Priscilla Askar 3L Obtains Post-Bar Clerkship with Attorney General’s Office
May 1, 2015
Priscilla Askar 3L has accepted a prestigious two-year post-bar judicial clerkship at the Immigration Court of Los Angeles through the Attorney General’s Honors Program. The Department of Justice (DOJ) Honors Program is the largest and most prestigious federal entry-level attorney hiring program of its kind and eligibility is generally limited to graduating law students and recent law school graduates. Priscilla is one of 213 individuals who will join the DOJ through the Attorney General’s Honors Program this year, selected from a highly competitive candidate pool of approximately 3,000 applicants.
This opportunity came on the heels of her previous summer internship with the Department of Justice Executive Office for Immigration Review in Los Angeles, through its Summer Law Internship Program (SLIP), where she researched and drafted court orders and memoranda on pending motions including: asylum, withholding of removal, protection under the Convention Against Torture, and cancellation of removal. Askar says she gained valuable exposure to court procedures and effective advocacy strategies. “This experience gave me a lot of insight regarding immigration law cases because I really got to delve into a case and see the case from both sides.”
Askar came to TJSL with a desire to work in public service in the field of immigration law and ambitiously sought out opportunities for experience by attending events and career panels. “I learned about the SLIP program during an attorney panel held by TJSL’s Immigration Law Society during my 1L year and I marked my calendar for the program’s next deadline.” Application deadlines for government internships and the Attorney General’s Honors Program can be completed almost one-year or more in advance and are found in the University of Arizona’s Government Honors and Internship Handbook on Symplicity. Reminders of deadlines are emailed weekly to students by the Thomas Jefferson Career Services Office.

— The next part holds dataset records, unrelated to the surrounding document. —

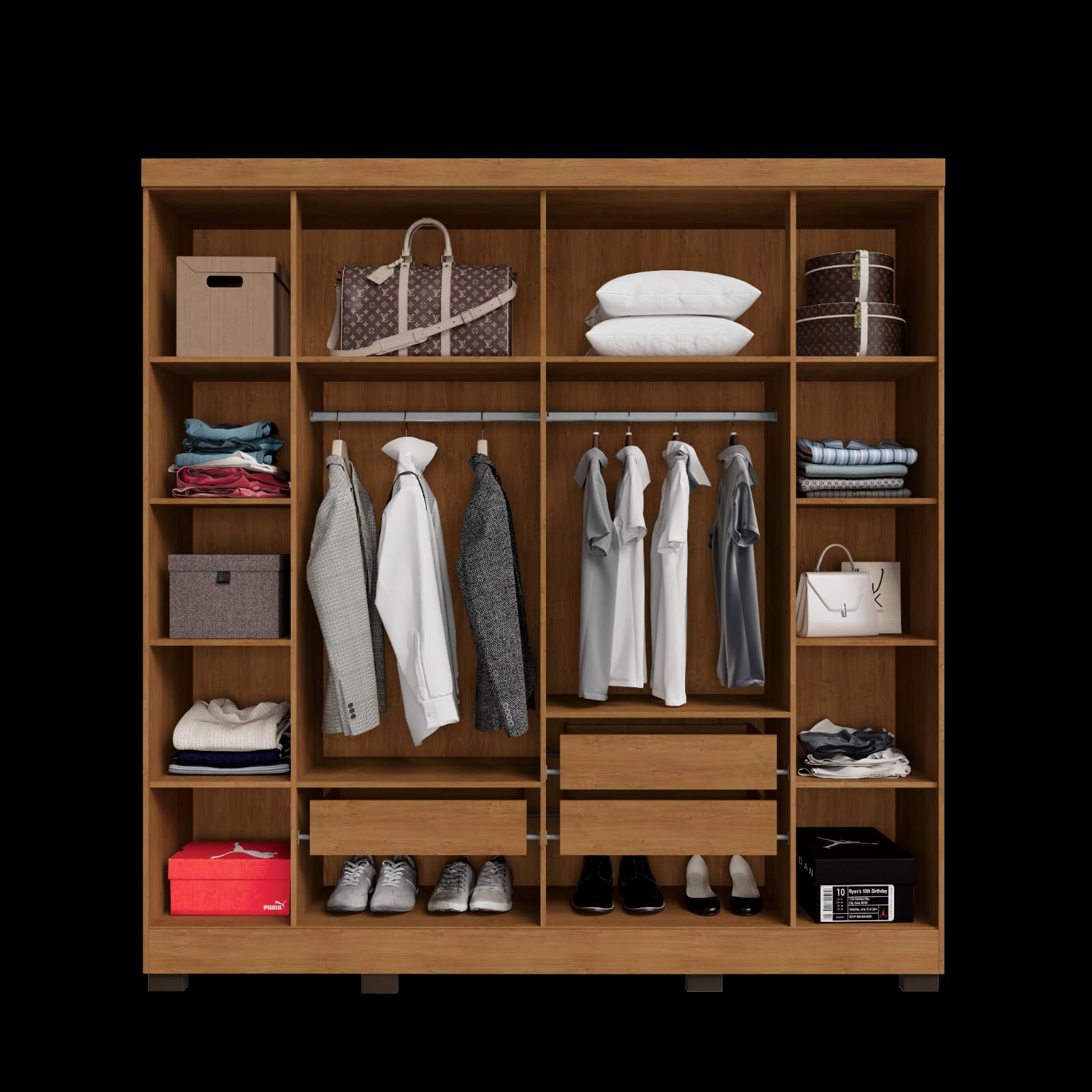 ✔️ Interior otimizado com prateleiras e cabideiros — perfeito para organizar roupas, acessórios e enxoval
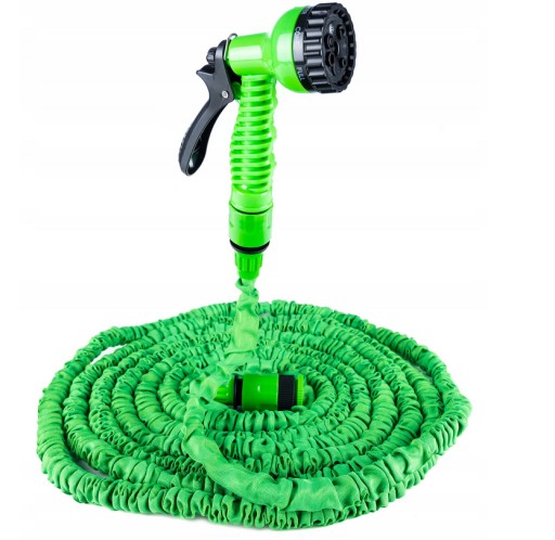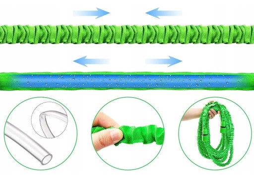 Rozciągliwy wąż ogrodowy wykonany z wysokiej jakości taśmy poliestrowej, lateksu oraz tworzywa ABS.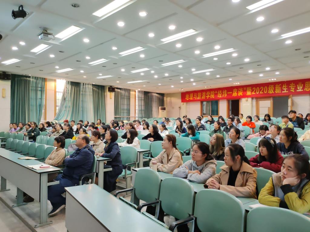 邀请1998级旅游管理专业校友、华测检测认证集团股份有限公司医学事业部总经理兼华东大区行政副总裁张家兵做客“经纬一席谈”,为2020级新生做题为“那些年,我因旅游管理专业而结缘的故事”专题思想教育报告,旅游管理专业负责人杨钊教授担任此次讲座主持人,新生辅导员、全体2020级旅游管理专业新生聆听报告。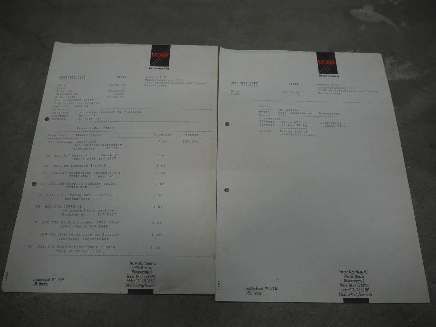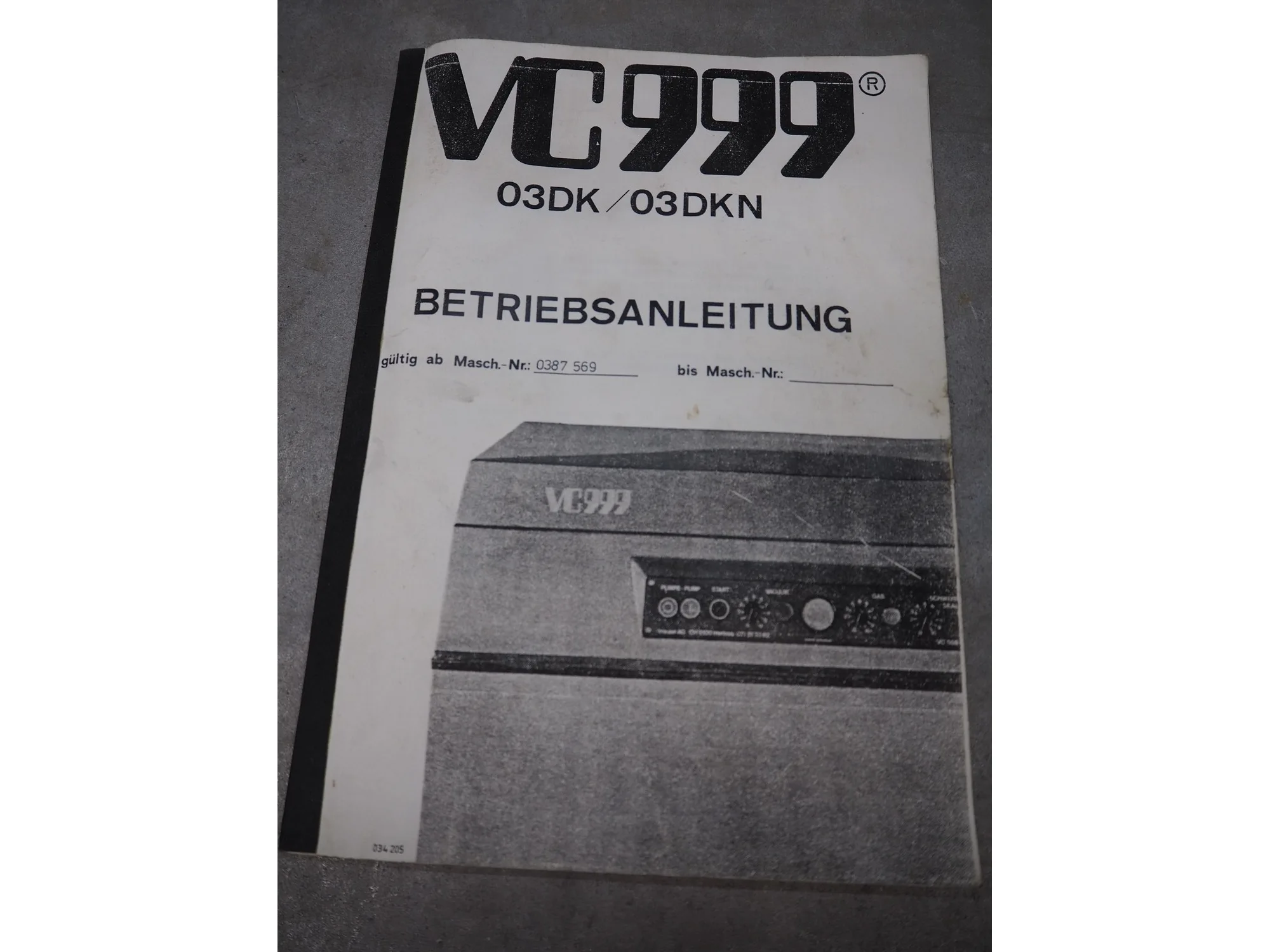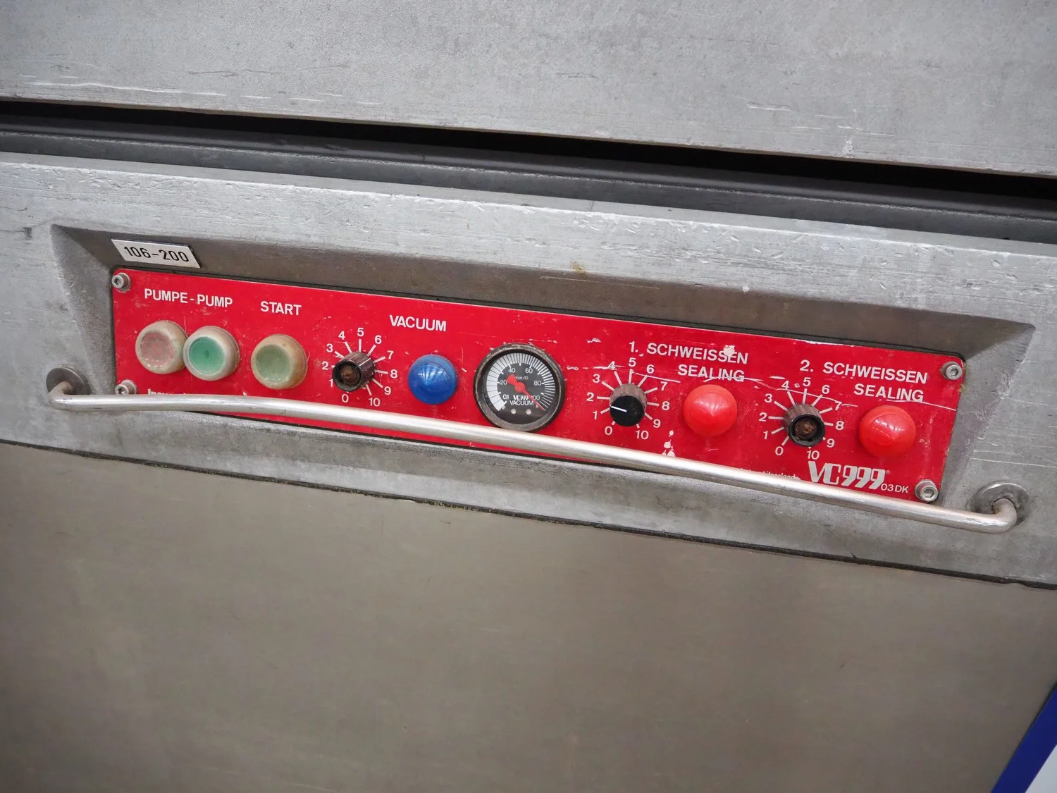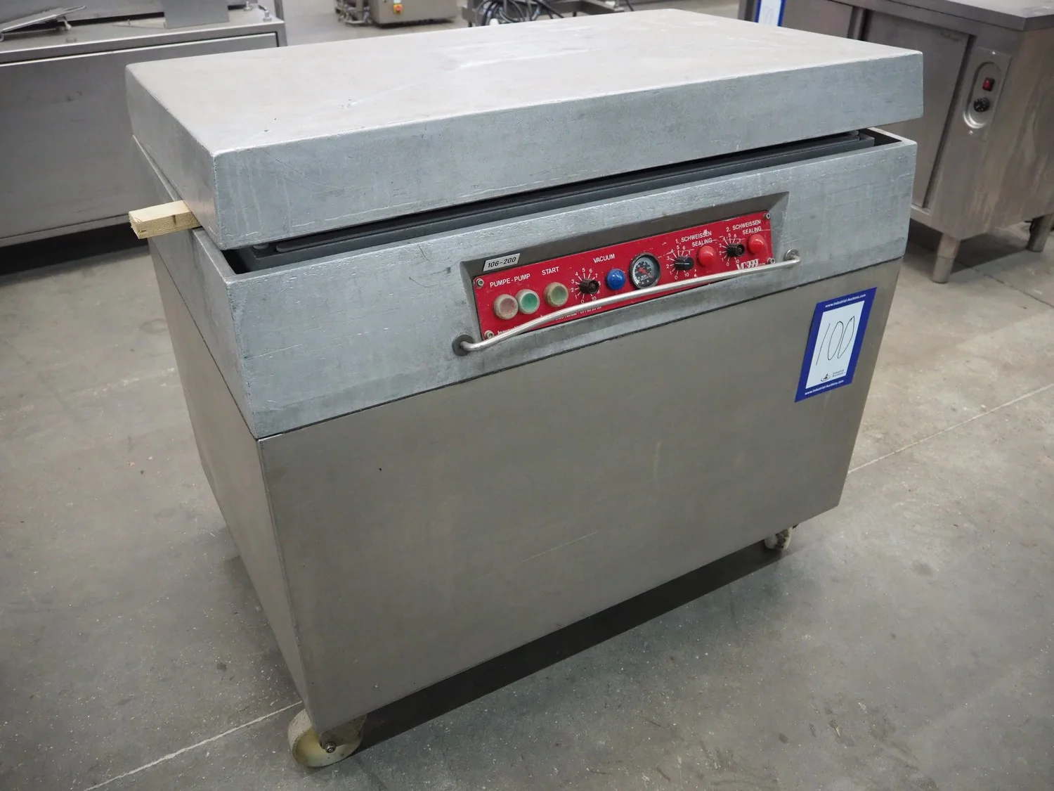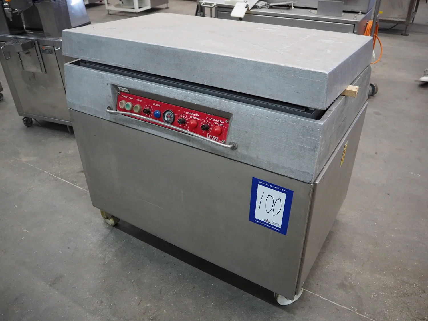 Inauen Maschinen AG mobile vacuum machine, type: VC999/03DK, machine number: 0384457, 380 V, 3 Ph, 50 Hz, 9 kW, dimensions chamber: 950 mm x 430 mm x 150 mm, seal length: 950 mm x (2x) 450 mm, total dimensions: 1150 mm x 800 mm x 1050 mm.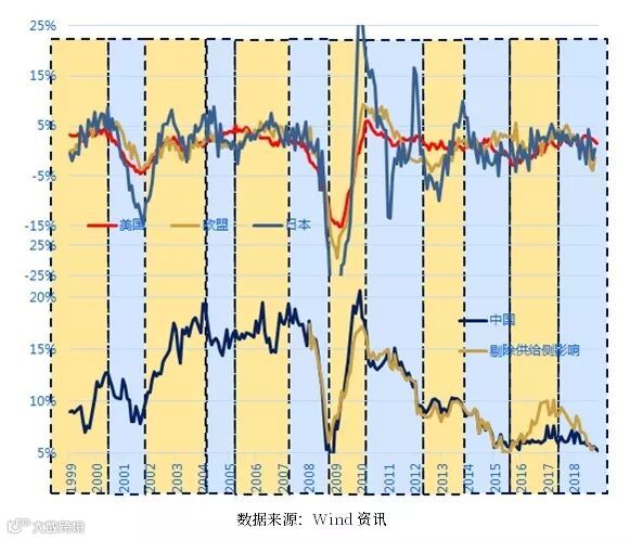 一是看周期,共振周期仍在延续。沿用安信证券高善文博士的方法,将供给侧改革的因素做结构性的剔除,可以看到本轮周期尤其是工业生产层面的周期是基本全球同步的,其中美国相对更强的周期且持续性更强,回落的时点也相对错后,但大的趋势并没有发生变化。可以观察到,多数国家本轮周期的相对顶点位置已经在2017年初到2017年中后段确认,即使美国的周期更具持续性也可以确认全球本轮周期在2018年三季度确认,后续大概率是全球共振式的回落,虽然各国有时滞,但是共振式的回落大概率还会持续接近1年的时间(一般为1年半左右,目前已经完成半年左右),甚至不排除更长。对应可以确认的数据是,全球PMI、工业订单、消费者信心、全球贸易等数据接连验证。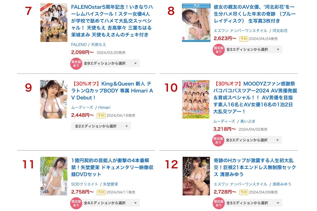 然后长浜的写真作品「ALL NUDE」还拿下了第六,从出道以来她真的是气势无法挡,就连艺能人也不见得是她的对手ー没错,在长浜之下的就是SOD STAR艺能人女优「矢野爱茉」的新作1亿円契约の芸能人が冲撃の4本番解禁!:虽然第2支作品就输给了长浜みつり(长滨蜜璃)难免会被觉得退烧有点快,不过作品销售这块能讨论的事情很多,包括矢野的主场并不是在FANZA、包括作品打折的%数也会影响影迷购买的意愿,我是觉得还好啦,现在还不是担心她的时候〜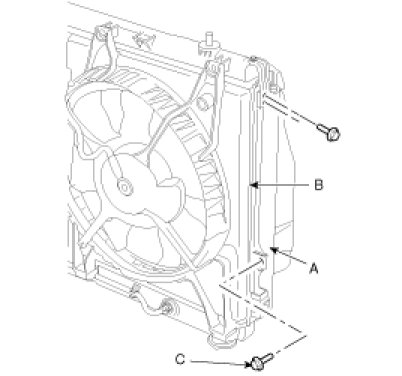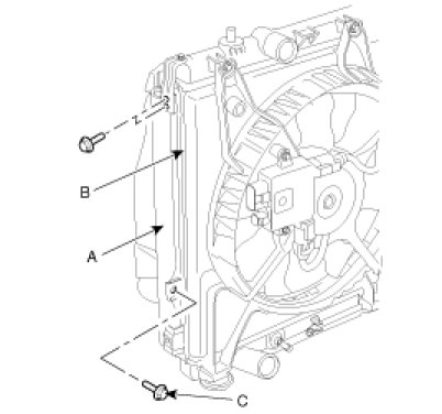 13. Separate the condenser (A) from the radiator assembly (B) by removing the bolts (C).

A strong desire and commitment to immigration law throughout law school has brought Askar to where she is today. She began gaining experience early in law school by interning at the Casa Cornelia Law Center in her 2L year helping immigrant victims of serious crimes obtain visas. She is looking forward to carrying her previous internship experiences into her law career. “I am excited to develop an expertise in immigration law that will help me become a better advocate for people I will help in the future. I am also happy that I will be close to my family again in Los Angeles.”